• **What needs to be done**
Go through the listing below and write out exactly the lines from the one that mentions "川崎大師オリジナルの「厄除だ" through the one that mentions "Crafted from genuine", minus the pictures.

• **Supplied information**
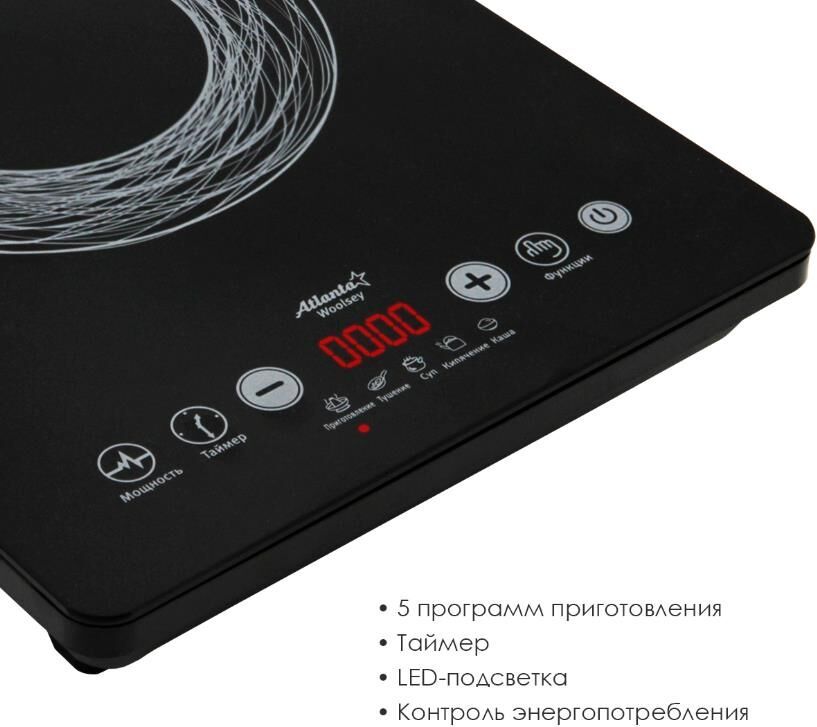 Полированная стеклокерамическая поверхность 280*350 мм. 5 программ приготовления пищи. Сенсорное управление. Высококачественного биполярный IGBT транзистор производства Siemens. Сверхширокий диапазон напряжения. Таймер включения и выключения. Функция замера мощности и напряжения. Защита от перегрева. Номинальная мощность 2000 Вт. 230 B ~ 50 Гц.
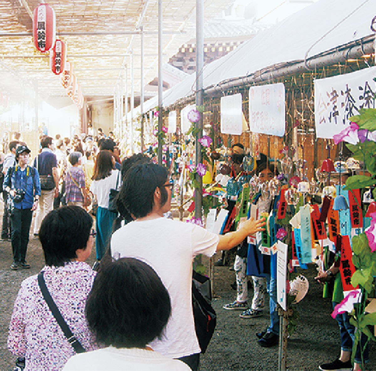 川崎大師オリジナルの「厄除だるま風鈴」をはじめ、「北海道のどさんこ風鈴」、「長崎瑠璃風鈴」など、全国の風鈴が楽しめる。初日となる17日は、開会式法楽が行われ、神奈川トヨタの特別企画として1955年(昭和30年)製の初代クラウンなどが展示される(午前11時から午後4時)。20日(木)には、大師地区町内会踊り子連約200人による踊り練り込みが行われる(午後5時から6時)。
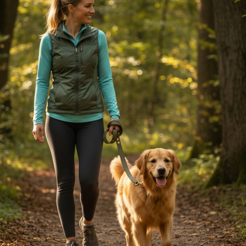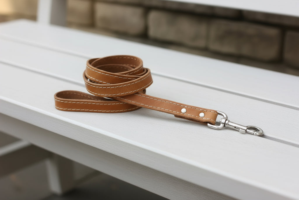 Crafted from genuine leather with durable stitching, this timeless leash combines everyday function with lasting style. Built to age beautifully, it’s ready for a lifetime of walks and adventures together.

---

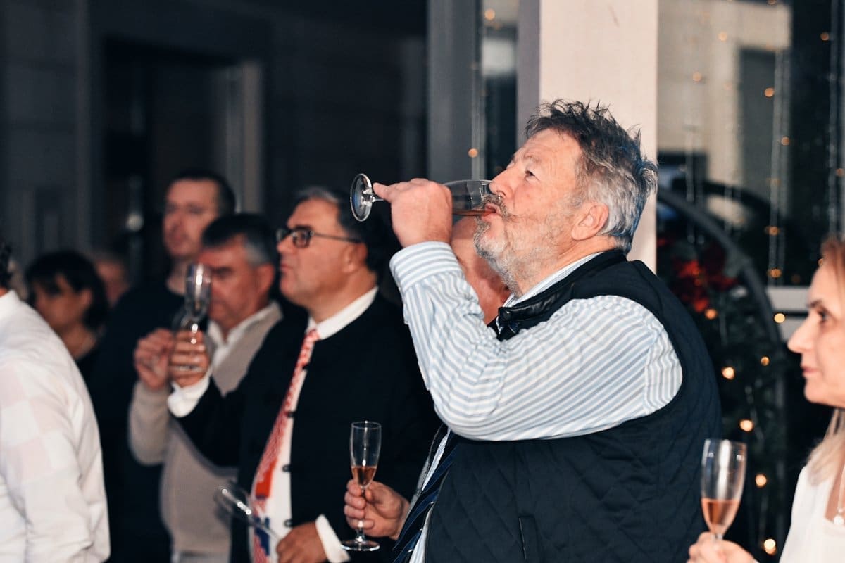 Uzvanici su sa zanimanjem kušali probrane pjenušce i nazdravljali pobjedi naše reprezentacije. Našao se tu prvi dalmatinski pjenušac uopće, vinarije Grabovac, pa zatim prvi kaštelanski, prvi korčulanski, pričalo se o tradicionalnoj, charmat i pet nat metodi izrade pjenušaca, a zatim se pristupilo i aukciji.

• **Completed task**
 川崎大師オリジナルの「厄除だるま風鈴」をはじめ、「北海道のどさんこ風鈴」、「長崎瑠璃風鈴」など、全国の風鈴が楽しめる。初日となる17日は、開会式法楽が行われ、神奈川トヨタの特別企画として1955年(昭和30年)製の初代クラウンなどが展示される(午前11時から午後4時)。20日(木)には、大師地区町内会踊り子連約200人による踊り練り込みが行われる(午後5時から6時)。
 Crafted from genuine leather with durable stitching, this timeless leash combines everyday function with lasting style. Built to age beautifully, it’s ready for a lifetime of walks and adventures together.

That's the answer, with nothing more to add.